The Christine O’Donnell thing really did happen more or less by accident, because she happened to be in the right place at the right time to catch an anti-establishment wave and win a primary in which she was supposed to be a protest candidate. Whereas the Davis experiment was intentionally designed: She was treated to fawning press coverage, lavished with funding, had the primary field mostly cleared for her, and was touted repeatedly as part of an actual party strategy for competing in a conservative-leaning state. Of course she had a much more impressive resume than O’Donnell, with less witchcraft and real political experience, and in that sense she made a more credible candidate overall. (Though, ahem, O’Donnell actually outperformed Davis at the polls in the end …)

Ouch.

Remarkably, the morning after, longtime Texas Monthly political writer Paul Burka wrote

Davis didn’t run a bad race. She raised a lot of money and she chipped away at Abbott’s weaknesses with some effectiveness.
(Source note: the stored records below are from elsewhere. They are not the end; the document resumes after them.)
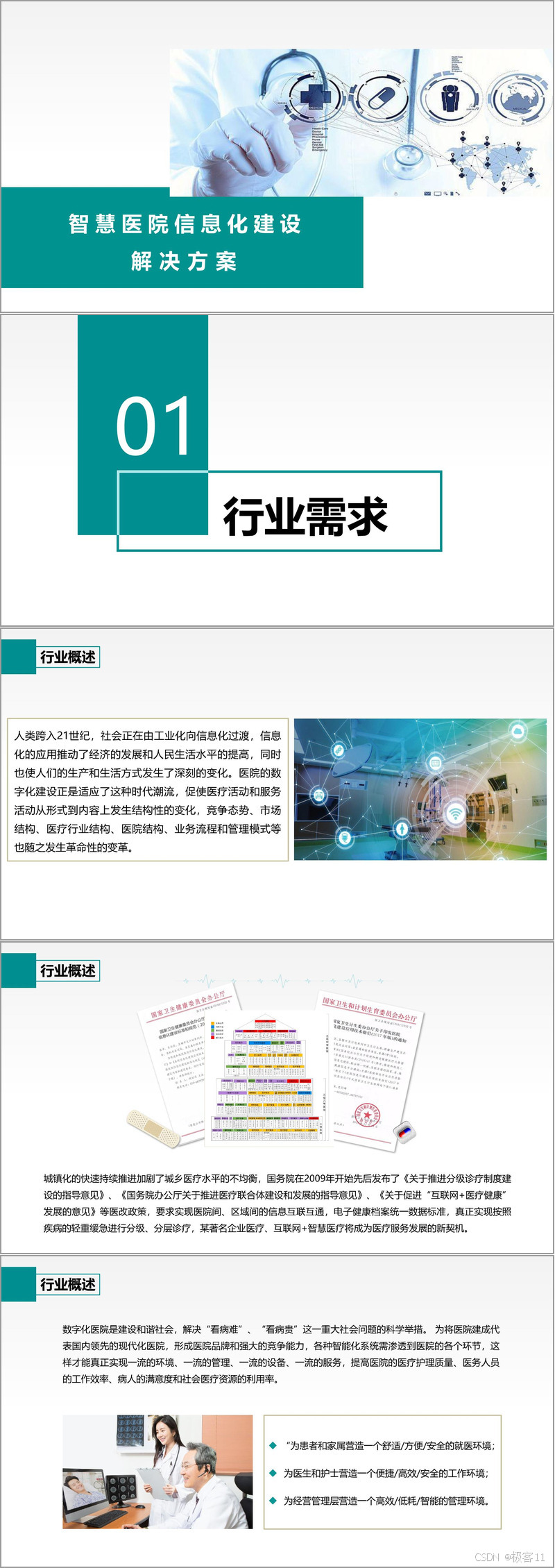 在信息化浪潮的席卷下,医疗行业正经历着深刻变革,智慧医院的建设成为提升医疗服务质量、优化医疗资源配置的关键路径。这份智慧医院信息化建设解决方案,为医院的数字化转型提供了全面且具有针对性的规划,对推动医疗行业的现代化发展意义重大。
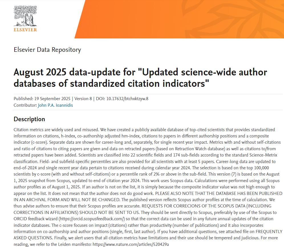 完整榜单请见:https://elsevier.digitalcommonsdata.com/datasets/btchxktzyw/8
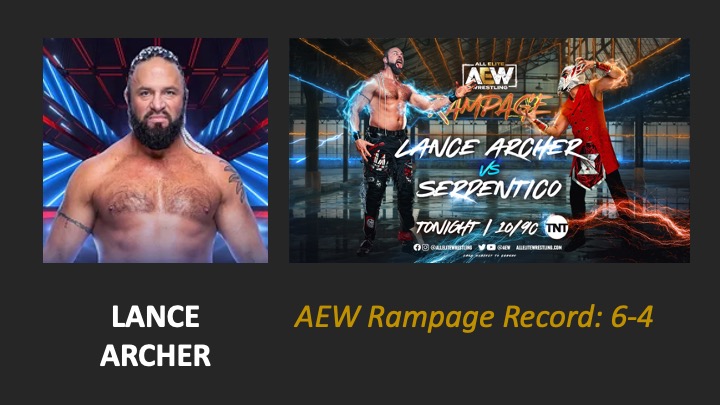 | AEW Rampage #37 – Airdate: 2022 April 22. Location: Petersen Events Center in Pittsburgh, Pennsylvania, USA. | Lance Archer (w/Jake Roberts) defeats Serpentico (0:33) |
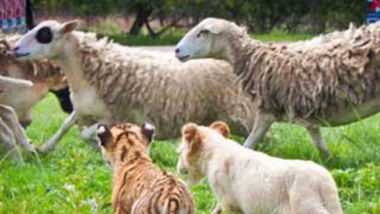 Vezi cum doi pui de leu si de tigru mana la pascut o turma de oi!
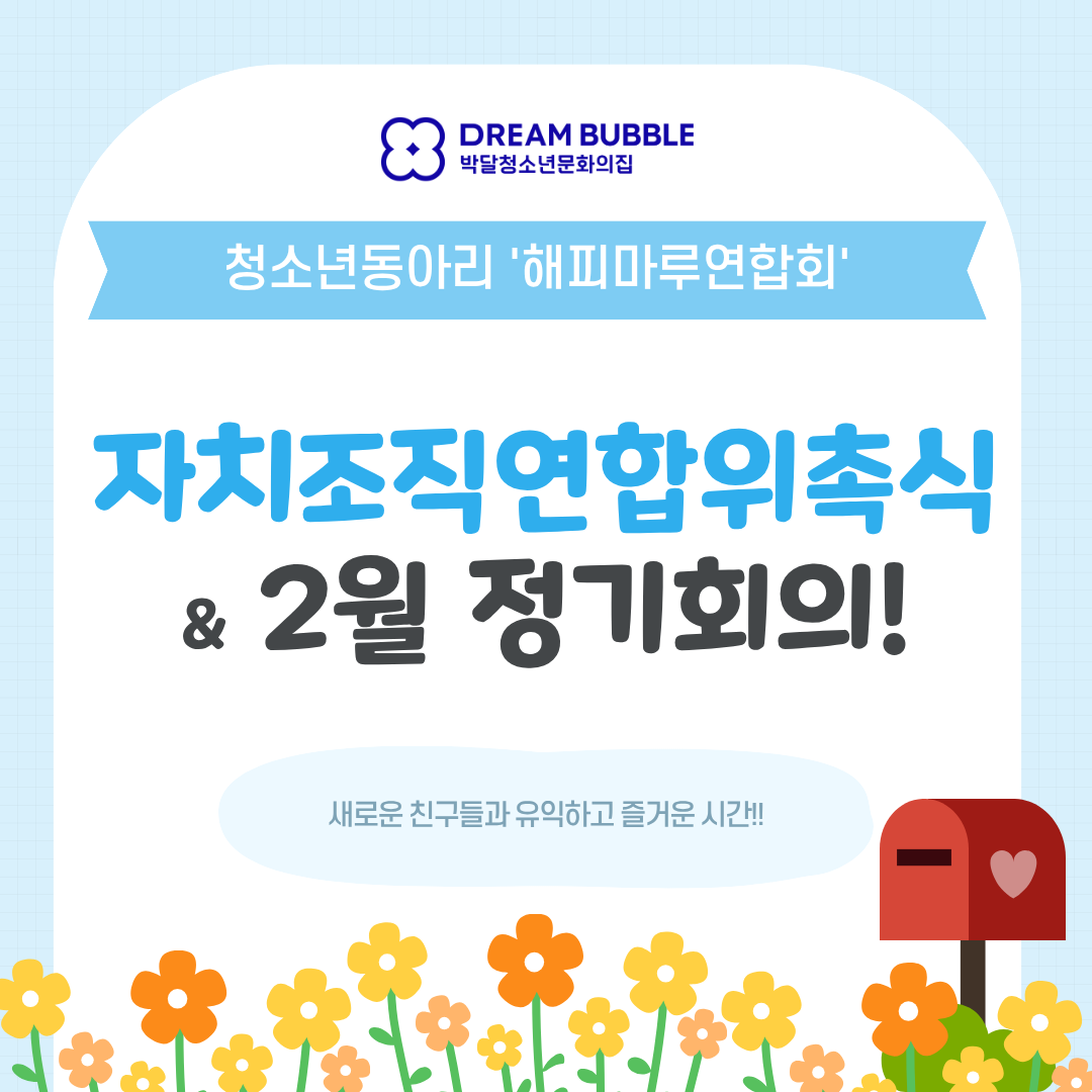 시설 박달청소년문화의집 | 작성자 김** | 2026 청소년동아리 '해피마루연합회' 2월 정기회의 | 작성일 2026-03-03 |
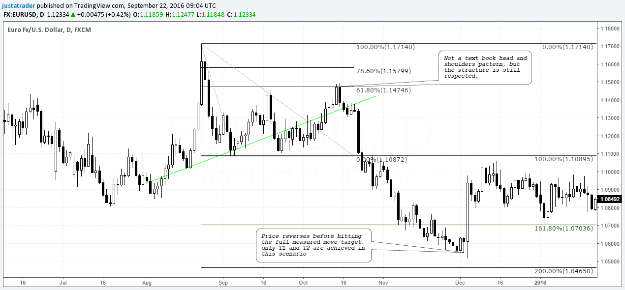 This is a missed opportunity, but it shows that the pattern can at times continue to respect the head and shoulders measured move approach without having to meet the guidelines. A trader should exhibit discipline to take the trades that only fulfill the criteria.

The Texas Tribune’s Jay Root disagrees.

Davis probably never had a modicum of a chance to win the Texas governor’s race. The 2014 election turned out to be another wave election that cost Democrats the U.S. Senate, governor’s races in heavily Democratic states and competitive legislative races across the land, including here.

But for more than a year, Democrats were crowing that with a well-funded turnout operation, Davis was the kind of candidate who could at least move the needle for the bedraggled party, which hadn’t won a statewide election since 1994. In one sense they were correct: She moved the needle, all right — backward.

Root talks about how Davis failed to utilize her inspiring personal story

When the curtain came down on Team Davis, the campaign had not aired a single English-language TV ad focusing on the Fort Worth senator’s up-from-the-trailer-park narrative once seen as her campaign’s thematic foundation. In the final days, Davis couldn’t afford to effectively air such an ad, despite her campaign’s own claims of raising almost $40 million, a top official acknowledged.

We probably don’t watch as much TV in the prime advertising slots as most prospective voters, and I time shift past commercials when I can. I did see some of the gubernatorial ads when I couldn’t avoid them during live events like sports, and I saw some of the online coverage in blogs and social media. I didn’t watch any of the debates, but I glanced at some of the news stories about them. My perspective on the race is thus pretty limited, but I suspect that it’s not that different from what an average Texas likely voter actually saw.

So, within that window, Wendy Davis started as someone who was pro-choice and against regulation of abortions at 20 weeks or later. She then told me that she was:

Really? I mean, Ted Nugent is a loon, but his groupie history and Abbott’s defense of sex toy laws as AG never seemed like things that are priorities for Texas. And while Root says Davis didn’t have the resources to run positive ads, the Kirby Vacuum salesman ad was one that I saw a lot more than anything else from Davis.

Setting aside problems with the up from the trailer park narrative, and the general problem of trying to base your narrative on overcoming adversity when running against the guy in a wheelchair, Davis never established a positive agenda that I could detect. There were lots of things that Davis could have used on the negative side against Abbott, but it seems to me that a smarter campaign would have realized that for average voters, Greg Abbott is still a nonentity. The place to attack Abbott was not for anything specific about Abbott himself: it was as a continuation of the bad parts of one-party rule and the continuation of Rick Perry’s time as Gov. I would have gone after:

  • dysfunction in the lege that meant that initiatives tapping the Rainy Day Fund were needed to deal with funding for basic things like roads and water over the past few elections
  • cronyism and its effects on things like CPRIT and the Texas Enterprise Fund.
  • the ways in which Perry’s appointments and The TPPF agenda have been hurting higher ed in Texas. Ted Nugent is a loon, but perhaps it would have been better to point out the looniness of Wallace Hall.  Despite the dislike for us pointy-headed pinko academics, I think that between sports and economics, even some conservative Texans are uncomfortable with where Perry’s Regents have been taking the UT and TAMU systems. The defenestration of Bill Powers was recent news.

Davis was perhaps never the best candidate to make these points. But she was the anointed candidate and while I agree that she was doomed from day 1, moving the needle forward required showing that there was more to her than pink sneakers and abortion celebrity.  Instead, she showed us that there was less.